Kriti’s Journey: A Roadmap to Transfeminine Transitioning

7th of January, 1994, was a happy day for my family, a son was born after quite a while. I often hear from my mother, the day I was brought home from the hospital was, according to her, a queer day of unlikely winter rains in Kolkata. From then till now, there has been multiple revisiting of this story, from gleeful family time bonding, sharing the joy of a son being born, to distress of knowing that I am not their son, to acknowledging that I am their daughter. My birth and all that I got with it, has been a constant battleground for me, my family, the world I live in. The gender I was assigned at birth has defined my life of what I am not, and what I could be. I have heard from many trans* people that we live parallelly in two worlds, of truth and of imagination, the truth of who I am, the imagination of me by the world I live in, therefore to me transition in the context of trans* lives means the articulation of the fact that the gender assigned at birth to me is not my gender. Transition is the movement towards embracing my authentic gender. It does not necessarily mean any visual, social, medical or legal change. Transition does not always mean change.
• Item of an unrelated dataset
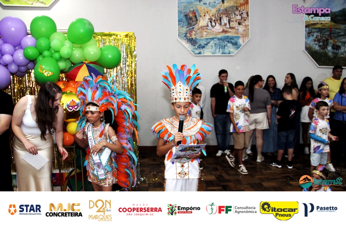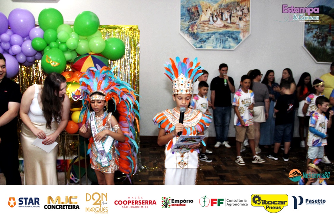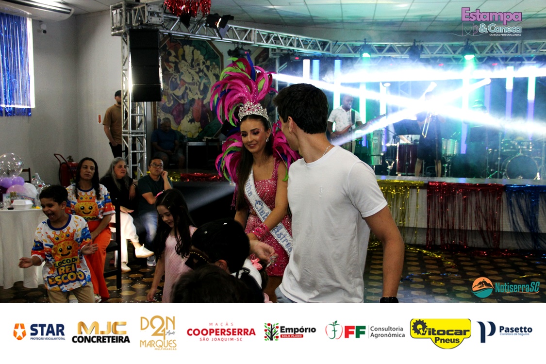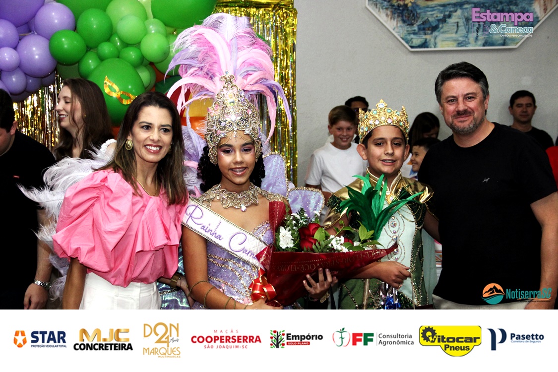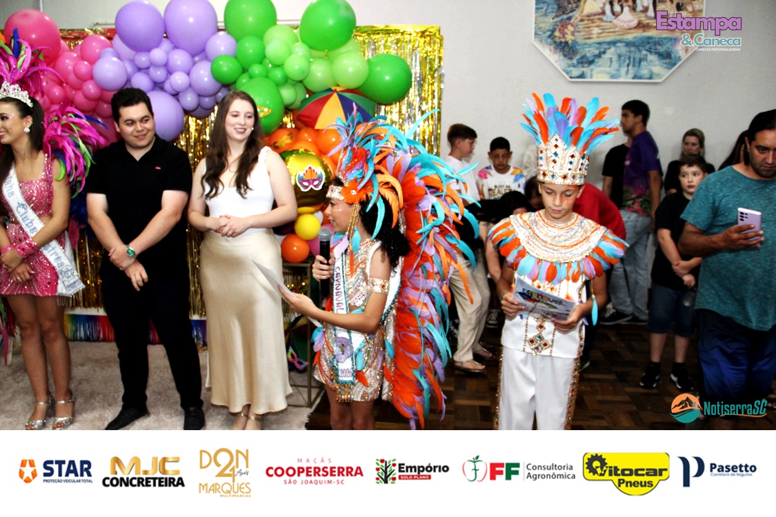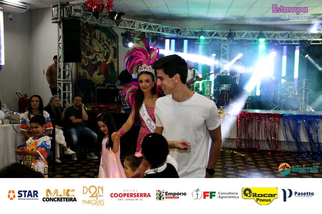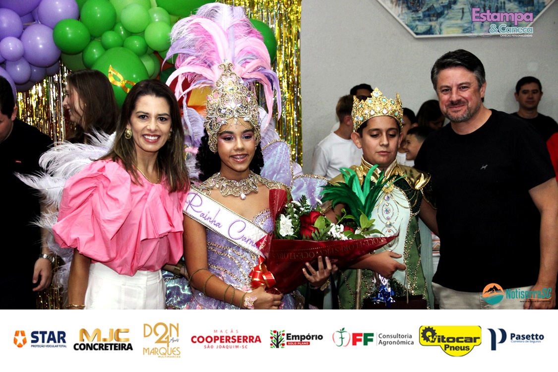 Durante o evento, a diretoria do clube anunciou ainda os nomes da nova realeza infantil para o Carnaval 2027. Foram escolhidos os pequenos Bernardo Zanette e Manuela Borges Fernandes de Liz, que passam a representar a tradição carnavalesca do clube no próximo ano.

Kriti (name changed), a trans* feminine person, in their early 20’s defines transition, as saying that they are not a man, for them the movement from being seen as a man to stating that they are not one is a complete transition for them. Shamin (name change) a trans* woman in her early 30’s feels a high amount of distress with her body, as she states “ I want to get rid of my male parts.” For her transition is the movement from a body that is perceived in a certain way in the world she lives in, to a body that is perceived to be her truth, her authentic gender.

Transition is a personal journey and there is no one reality. For many trans* people, transition is having the language to define who they are, their true gender, for many of us it is the transformation of the body and for many of us it is being perceived in our true gender by the world. In a world, that reduces trans* identities to just transitioning, it is equally important to put it out there that trans* people are more than their bodies, their gender. The complete human-ness of us may not be defined by our gender journeys. For many of us transition is not even a part of our trans* lives.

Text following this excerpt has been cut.